By J.R. Skrabanek
Have you texted your customers lately? Did you acquire their express written consent beforehand? With the increased use of smart phones, many businesses are adjusting their marketing techniques to connect with their customers via text message. They may unwittingly be placing themselves directly in the line of fire of costly non-compliance litigation related to an obscure law known as the Telephone Consumer Protection Act, or TCPA.
What Is the TCPA?
The TCPA was passed by Congress in 1991. The law significantly limits the use of automatic dialing systems, artificial or prerecorded voice messages and automatic text messages by business directly contacting consumers. Significant fines have been levied against Capital One for $75 million; JPMorgan Chase for $34 million; AT&T for $45 million; MetLife for $23 million; Bank of America for $32 million; Papa John’s Pizza for $16 million and Walgreen’s for $11 million. The TCPA grants the Federal Communications Commission the authority to create and interpret additional rules necessary to its enforcement.
In 2012, the FCC revised its rules to require companies to obtain “prior express consent” from consumers before automatically dialing or texting them. Businesses can no longer cite to a prior “established business relationship” as the basis for consumer consent. More recently, the FCC ruled that businesses must present consumers with an opt-out mechanism.

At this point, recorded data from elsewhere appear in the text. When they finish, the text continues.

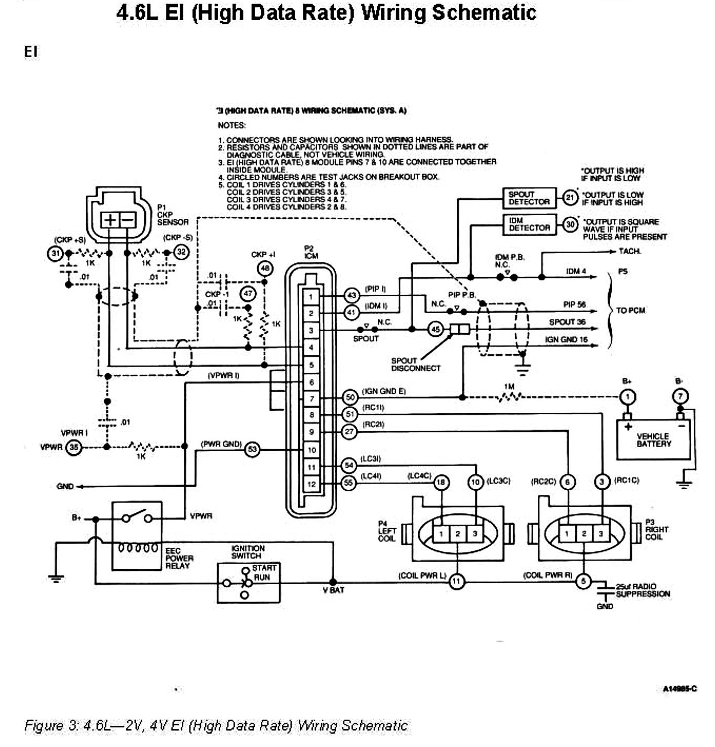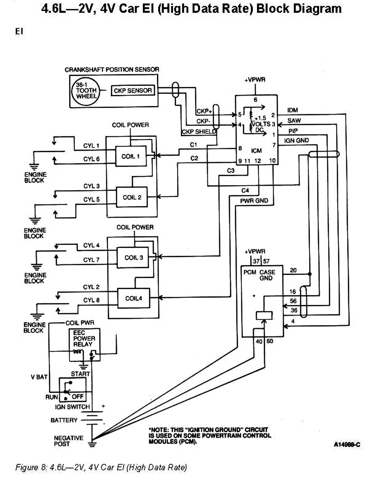 The 4.6L EI (High Data Rate) System consists of a Crankshaft Position (CKP) (variable reluctance) sensor, an Ignition Control Module (ICM), a Powertrain Control Module (PCM), and two four-tower Coil Packs.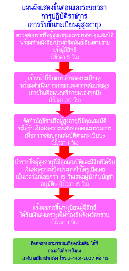 แผนภูมิขั้นตอนและระยะเวลาการปฏิบัติราชการการรับขึ้นทะเบียนผู้สูงอายุ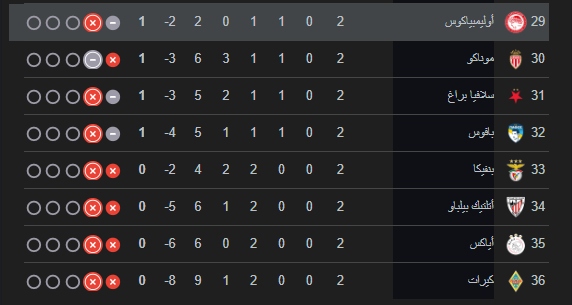 أوليمبياكوس في المركز الـ 29 من ترتيب دوري ابطال اوروبا .

As of October 2013, prior consent can only be in writing. Furthermore, consumers can revoke consent at “any time and through any reasonable means.”
Ignorance Is No Excuse
The TCPA is a strict liability statute. This means a company is liable even if it does not intend to violate the statute. An individual who has not provided consent may sue for each separate violation of the TCPA. Consumers are entitled to $500 per violation or up to $1,500 if the consumer can show the violation occurred “knowingly.” Courts have struggled with the question of when violations occur “knowingly” but have consistently ruled that if consumers inform a company that they no longer wish to be contacted, each violation thereafter necessarily occurs knowingly.
The TCPA does not cap damages. For example, if a business texts 1,000 consumers without their prior consent exactly ten times each, the consumers would be entitled to $5 million in a class action suit.
The Dangers Of Non-Compliance
More companies are turning to automated systems to text their customers. Originally envisioned to target only telemarketers, the TCPA has morphed into a much broader and more ubiquitous regulation. Now, through the FCC’s broad interpretation, the TCPA applies to all businesses using automatic systems to contact their customers. Companies not in compliance can face stiff fines. In addition, by current estimates, over 100,000 cell phone numbers are reassigned every day. Where a company once had prior express written consent, consent may vanish if a new customer takes over an old customer’s phone number. Furthermore, the FCC ruled in 2013, parties may be held vicariously liable for the actions of their third-party telemarketers. Thus, TCPA compliance is largely inescapable for companies wishing to contact their customers on cell phones through nearly any sort of automatic system.
TCPA Lawsuits Are On The Rise
Industry analysts have called the TCPA “a juggernaut for class-action lawyers across the country.” For the third consecutive year, TCPA cases are the second most-filed claim in federal courts nationwide. In 2007, there were 14 TCPA claims against the credit and collections industry; by 2010, there were 354; in 2012, there were more than 1,000; and in 2015, a whopping 3,710 claims were filed. This represents a 26,000 percent increase in just eight years. Some advocates are calling for reforming a statute that was not intended to apply so broadly, but Congress must act first, which takes time and political will.
Insurance May Not Cover A TCPA Claim
Typically, a company’s Commercial General Liability (“CGL”) policy will protect the company against its negligent acts. CGL holders have sought coverage for TCPA claims under their “advertising injury” provisions, which are typically included in CGL policies and normally cover injuries that violate an individual’s right to privacy. However, some courts have excluded TCPA coverage based on a more narrow interpretation of the definition of privacy; these courts have held that only injuries to the right to secrecy are covered (as opposed to the right to seclusion). More commonly, insurance carriers are explicitly excluding TCPA coverage from newer policies altogether. As a result, many companies are seeking coverage under their Errors & Omissions (“E&O”) policies, arguing that the claims are the direct result of executive decisions. Still, courts have reached conflicting decisions whether TCPA claims are covered by E&O insurance. The bottom line . . . companies may not be covered.
The TCPA is a favorite for plaintiffs’ consumer class action attorneys. With no damage caps, a relatively small, unwittingly non-compliant business could face severe consequences that could put it out of business. The FCC has consistently broadened its interpretation of the statute and consumers’ right to avoid receiving automatically dialed calls and texts without prior permission. Any business wishing to employ its own or a third-party telemarketing arm should carefully weigh the costs and benefits of such a decision. If the company deems regular automated contact with cell phone subscribers is in the company’s best interests, it should precisely craft its policies to ensure its customers give prior consent and have a clear opt-out mechanism.